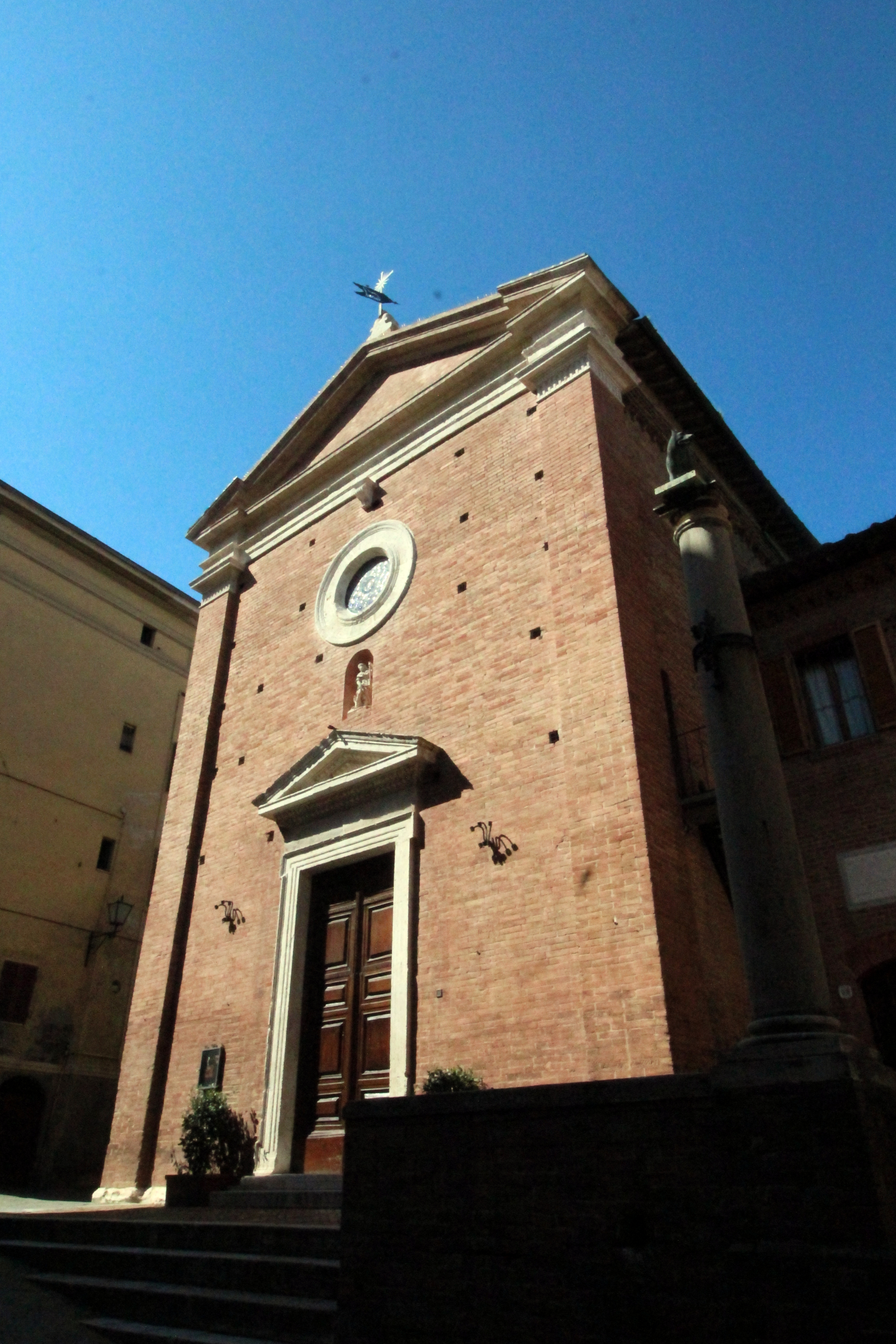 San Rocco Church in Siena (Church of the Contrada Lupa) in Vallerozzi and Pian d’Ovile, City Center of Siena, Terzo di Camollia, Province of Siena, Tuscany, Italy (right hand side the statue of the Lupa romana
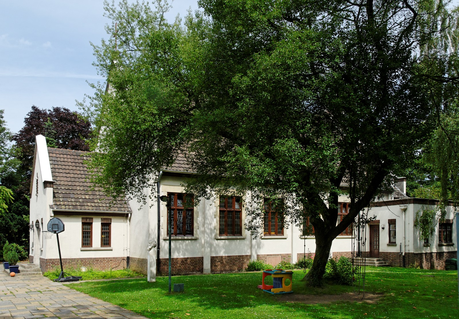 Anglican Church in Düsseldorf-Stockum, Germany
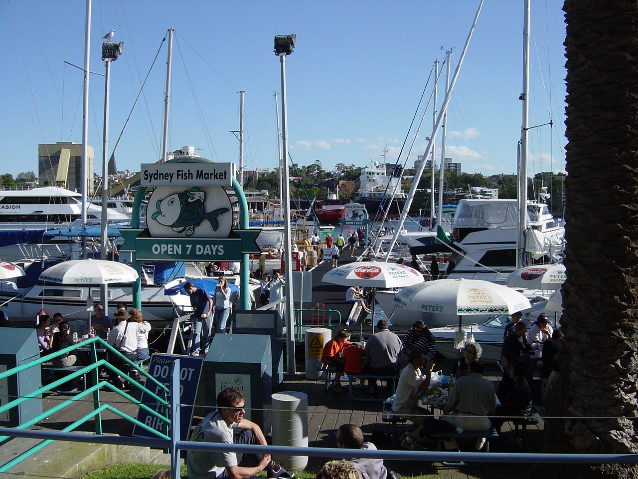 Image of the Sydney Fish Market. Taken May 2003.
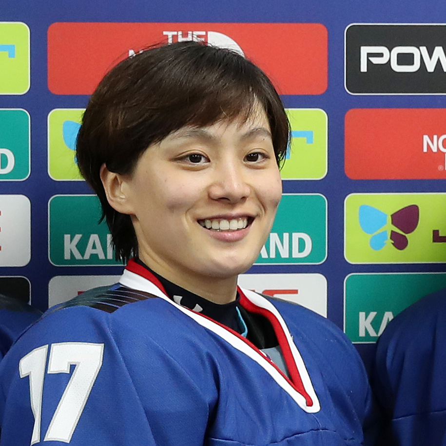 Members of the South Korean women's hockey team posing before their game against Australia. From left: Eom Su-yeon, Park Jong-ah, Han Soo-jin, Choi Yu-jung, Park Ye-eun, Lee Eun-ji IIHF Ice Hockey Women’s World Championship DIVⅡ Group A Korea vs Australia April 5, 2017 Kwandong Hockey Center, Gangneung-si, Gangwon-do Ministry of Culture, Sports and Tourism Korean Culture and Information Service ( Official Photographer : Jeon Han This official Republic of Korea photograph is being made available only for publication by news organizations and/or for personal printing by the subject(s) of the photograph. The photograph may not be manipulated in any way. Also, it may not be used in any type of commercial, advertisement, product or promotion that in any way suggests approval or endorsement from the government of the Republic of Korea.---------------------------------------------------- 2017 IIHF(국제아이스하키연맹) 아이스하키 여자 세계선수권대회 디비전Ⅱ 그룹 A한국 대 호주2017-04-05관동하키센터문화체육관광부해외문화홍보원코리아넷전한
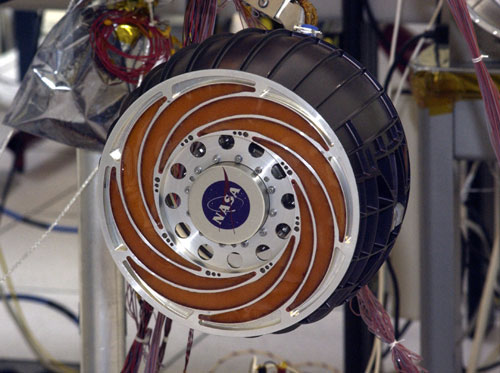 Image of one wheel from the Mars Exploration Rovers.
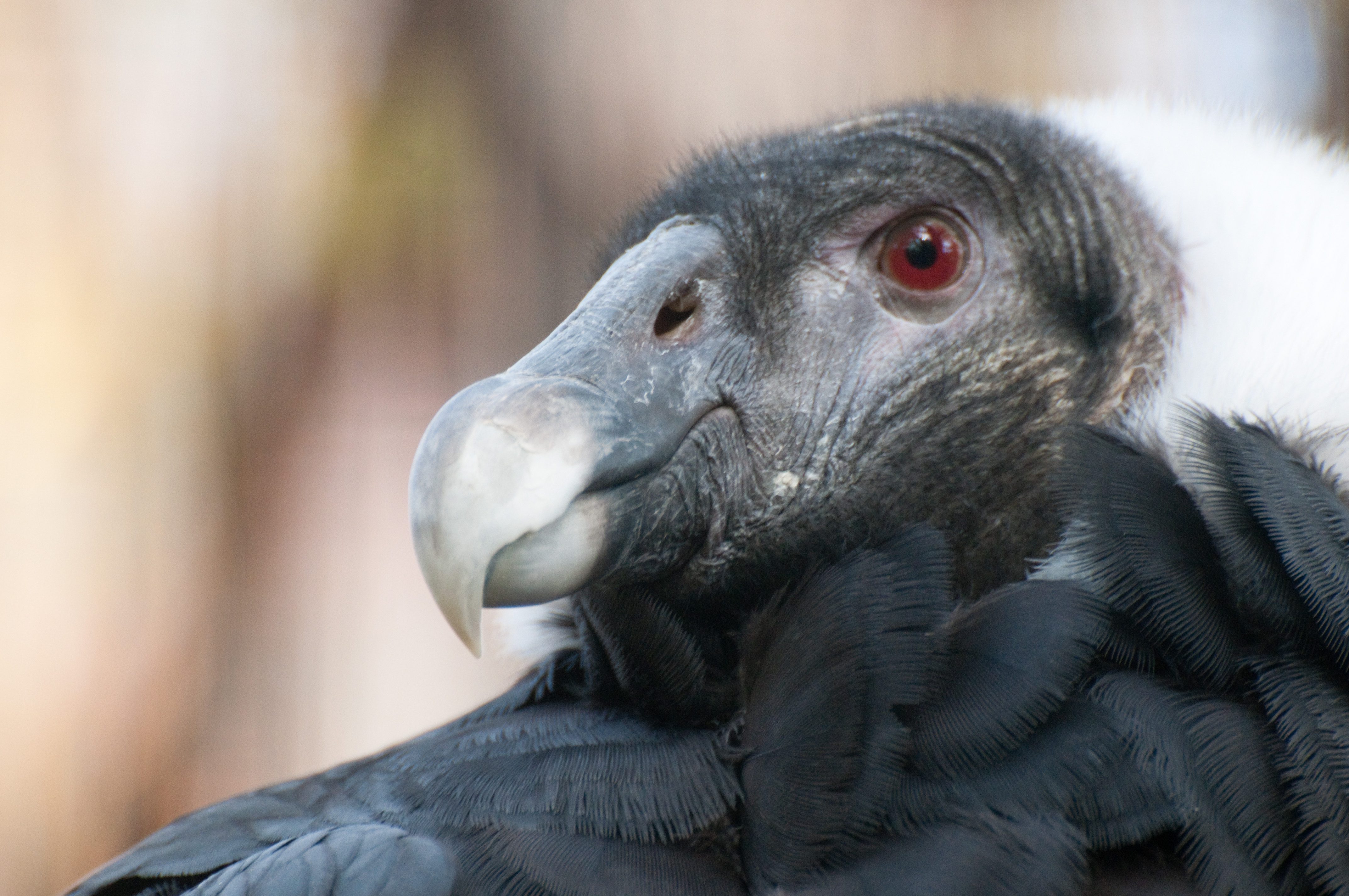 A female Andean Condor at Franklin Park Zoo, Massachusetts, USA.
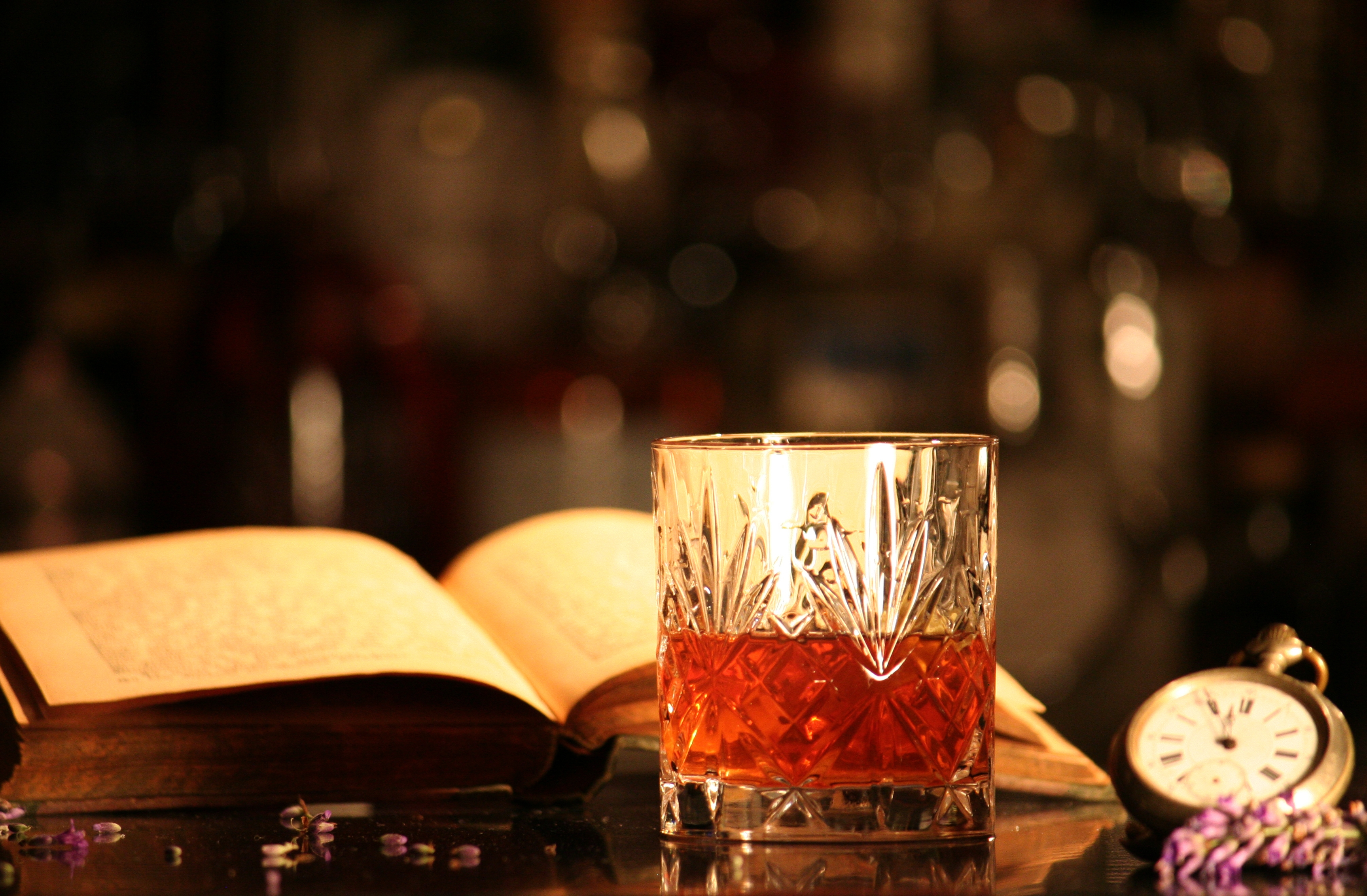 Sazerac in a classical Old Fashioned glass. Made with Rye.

*PROBLEM STATEMENT*:
Please print every record exactly as written, without the pictures.

*ANSWER BOX*:
 San Rocco Church in Siena (Church of the Contrada Lupa) in Vallerozzi and Pian d’Ovile, City Center of Siena, Terzo di Camollia, Province of Siena, Tuscany, Italy (right hand side the statue of the Lupa romana
 Anglican Church in Düsseldorf-Stockum, Germany
 Image of the Sydney Fish Market. Taken May 2003.
 Members of the South Korean women's hockey team posing before their game against Australia. From left: Eom Su-yeon, Park Jong-ah, Han Soo-jin, Choi Yu-jung, Park Ye-eun, Lee Eun-ji IIHF Ice Hockey Women’s World Championship DIVⅡ Group A Korea vs Australia April 5, 2017 Kwandong Hockey Center, Gangneung-si, Gangwon-do Ministry of Culture, Sports and Tourism Korean Culture and Information Service ( Official Photographer : Jeon Han This official Republic of Korea photograph is being made available only for publication by news organizations and/or for personal printing by the subject(s) of the photograph. The photograph may not be manipulated in any way. Also, it may not be used in any type of commercial, advertisement, product or promotion that in any way suggests approval or endorsement from the government of the Republic of Korea.---------------------------------------------------- 2017 IIHF(국제아이스하키연맹) 아이스하키 여자 세계선수권대회 디비전Ⅱ 그룹 A한국 대 호주2017-04-05관동하키센터문화체육관광부해외문화홍보원코리아넷전한
 Image of one wheel from the Mars Exploration Rovers.
 A female Andean Condor at Franklin Park Zoo, Massachusetts, USA.
 Sazerac in a classical Old Fashioned glass. Made with Rye.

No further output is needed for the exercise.